**TASK REQUIREMENTS**
Pictures aside, the data must be reproduced exactly.
Top of SOURCE DATA
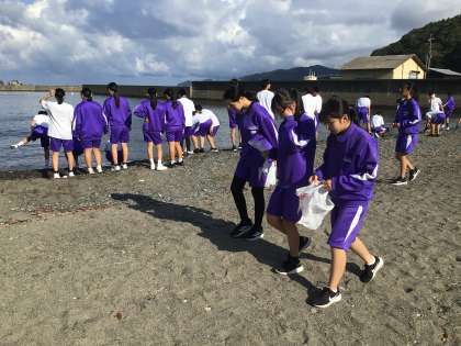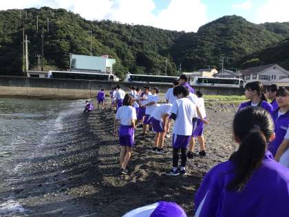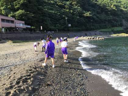2日目の朝です。みんなの集合がとても早く、少し時間ができたので、海岸で自由時間です。今日もみんな元気です。
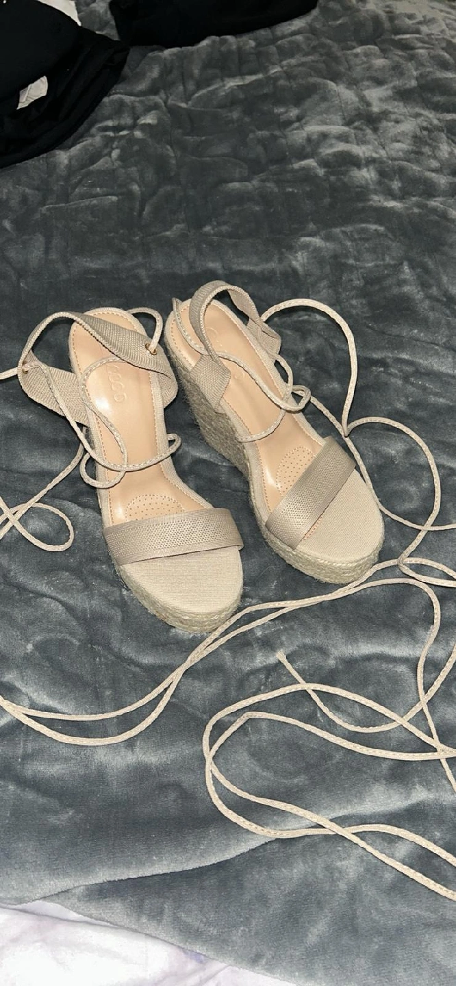 These ALDO espadrille wedge sandals are in great condition and ready for a new home! They are a neutral beige colour and a size 7. Perfect for adding a bit of height and style to your summer outfits!
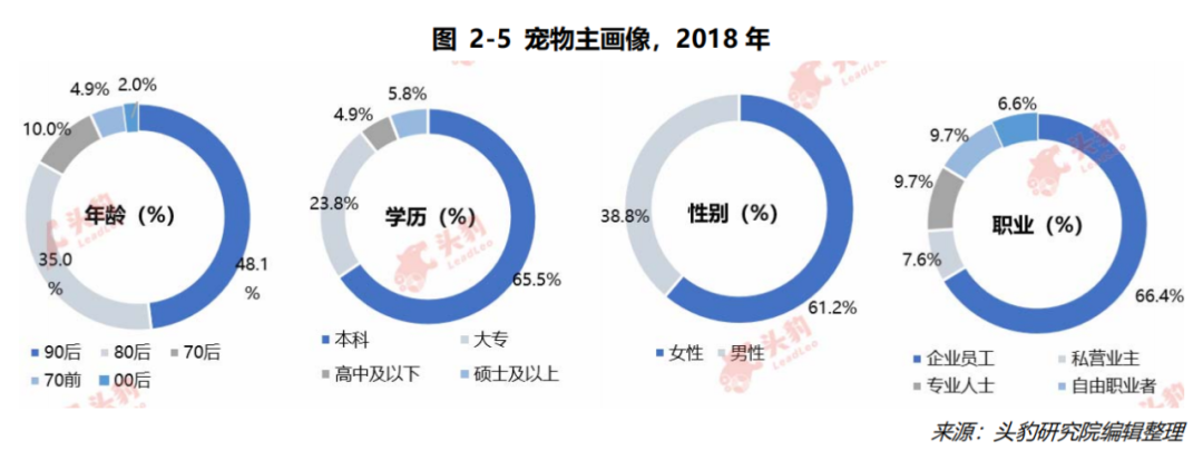 根據(jù)調(diào)查,中國寵物主的特征為年輕、高學(xué)歷、女性、高收入。85.1%的寵物主是80、90、00后,71.3%的寵物主學(xué)歷是本科或本科以上,61.2%的寵物主是女性,66.4%的寵物主是企業(yè)員工。未來隨著中國經(jīng)濟(jì)的持續(xù)發(fā)展,寵物主數(shù)量將進(jìn)一步增長,拉動(dòng)寵物繁殖和活體交易市場需求的增長。
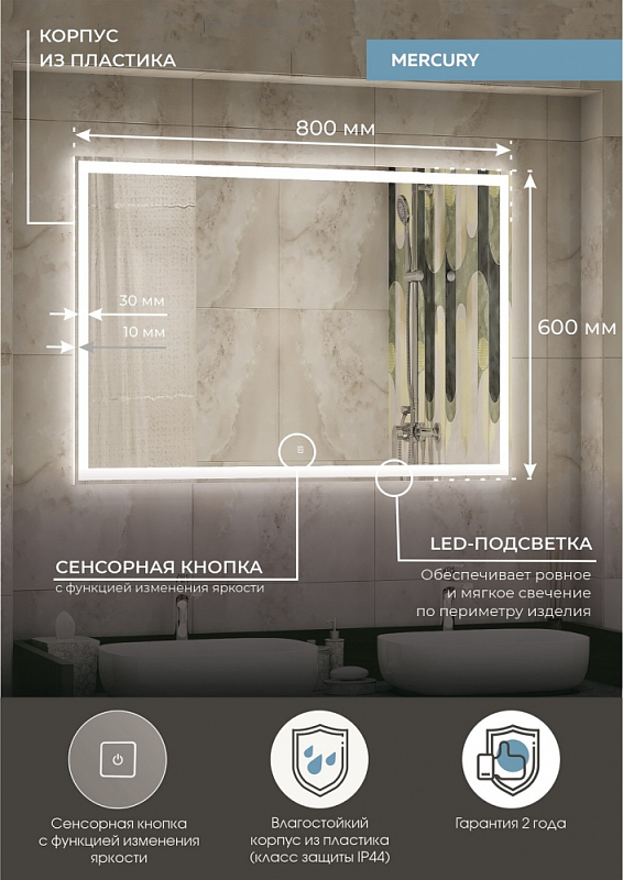 Зеркало "Mercury Led" 800х600LED подсветка 6000Ксенсорный выключатель с функцией димирования
Bottom of SOURCE DATA
**FINISHED TASK**
2日目の朝です。みんなの集合がとても早く、少し時間ができたので、海岸で自由時間です。今日もみんな元気です。
 These ALDO espadrille wedge sandals are in great condition and ready for a new home! They are a neutral beige colour and a size 7. Perfect for adding a bit of height and style to your summer outfits!
 根據(jù)調(diào)查,中國寵物主的特征為年輕、高學(xué)歷、女性、高收入。85.1%的寵物主是80、90、00后,71.3%的寵物主學(xué)歷是本科或本科以上,61.2%的寵物主是女性,66.4%的寵物主是企業(yè)員工。未來隨著中國經(jīng)濟(jì)的持續(xù)發(fā)展,寵物主數(shù)量將進(jìn)一步增長,拉動(dòng)寵物繁殖和活體交易市場需求的增長。
 Зеркало "Mercury Led" 800х600LED подсветка 6000Ксенсорный выключатель с функцией димирования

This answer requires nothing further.